Mud Lake Bog wasn’t always as loved as it is now. Until the 1970s, the area was used as a dump, officially at some points, unofficially at others.

“A lot of cleanup was done when the property was acquired in the early (19)80s,” says Jones. “A lot of trash was removed – whole cars, refrigerators.”

The bog has survived flood and fire too. In 1935, the area flooded, and during the late 1940s, an underground fire, probably of buried garbage, burned for a whole season.
In 1976, the dump was officially closed and interest in preserving the bog picked up. Botanists and university professors had been using the bog for scientific study all along. The local nature centers, Fernwood, Sarett and Love Creek, all used the bog for programs.
On April 29, 1980, with financial assistance from the Highcliffe Terrace Garden Club, the Berrien County Parks and Recreation Service and the Sauk Trails Resource Conservation and Development Project, Buchanan Township purchased the 68-acre parcel of land that contains Mud Lake Bog.

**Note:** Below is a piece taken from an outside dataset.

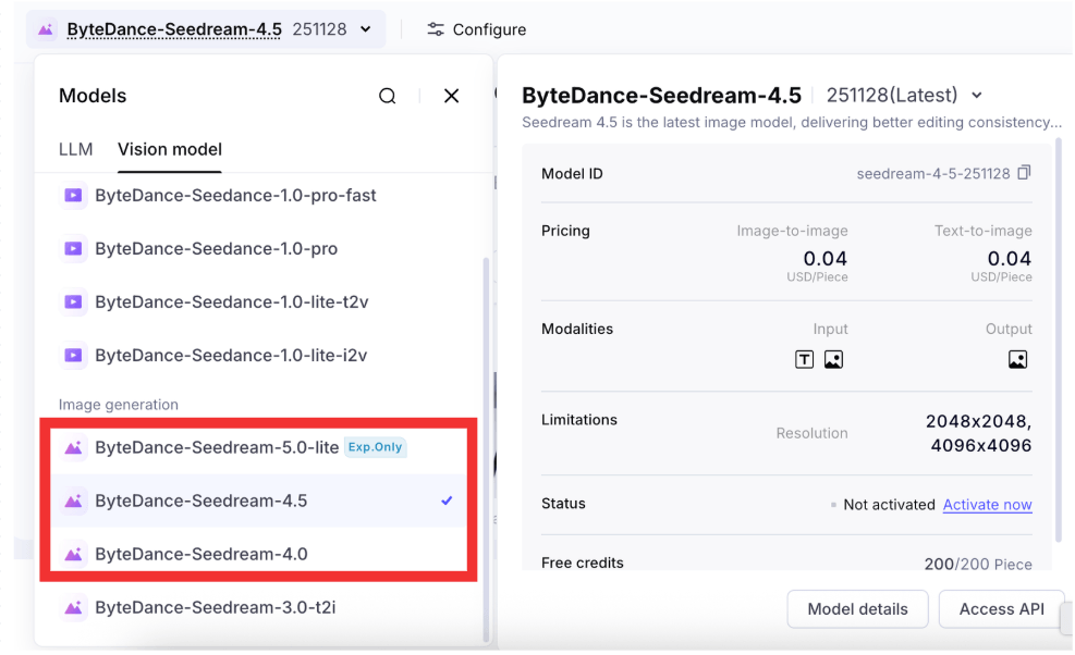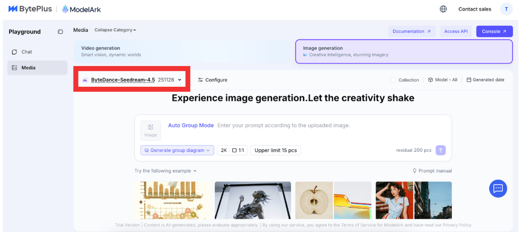 SeedreamはBytePlus ModelArkのブラウザ画面から利用できるほか、開発者向けAPIも提供されています。
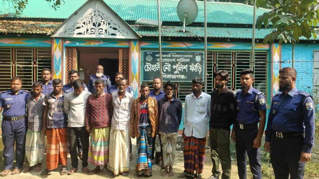চৌহালীতে নৌযান থামিয়ে চাঁদাবাজি, ইউপি সদস্য ও ছাত্র সমন্বয়ক সহ চক্রের ১০ সদস্য আটক

The place was cleaned up as best as could be done without further disturbing the fragile ecosystem. Wooden boardwalks, with an observation tower, seen as the least disruptive option for public viewing of the bog, were installed.

The public can visit the preserve at any time from dawn until dusk. Parking is limited, with people needing to park in front of the gate, or even along the side of the road.

“Go there expecting to see something really unusual,” says Love Creek Nature Preserve naturalist Pat Underwood. He warns that the sun can get pretty hot, though.

“Once you’re on the boardwalk, there’re no trees,” he says. He recommends visitors use sunscreen and insect repellent like they would in any outdoor activity. Mosquitoes can’t breed in the acidic conditions of the bog itself, but they do breed in surrounding wetlands.
While late spring or early summer are good times to catch things in bloom, Underwood says he also likes the bog in late summer or early fall, when bog plants turn colors.

“Fall is really beautiful,” he says, “because you get the tamaracks turning gold and you get the red maples, cranberries and other bog plants turning bright red. So, you get this beautiful bright red along with the golden needles of the tamarack.” He reminds people that fall comes to the bog just a bit earlier than the rest of the area.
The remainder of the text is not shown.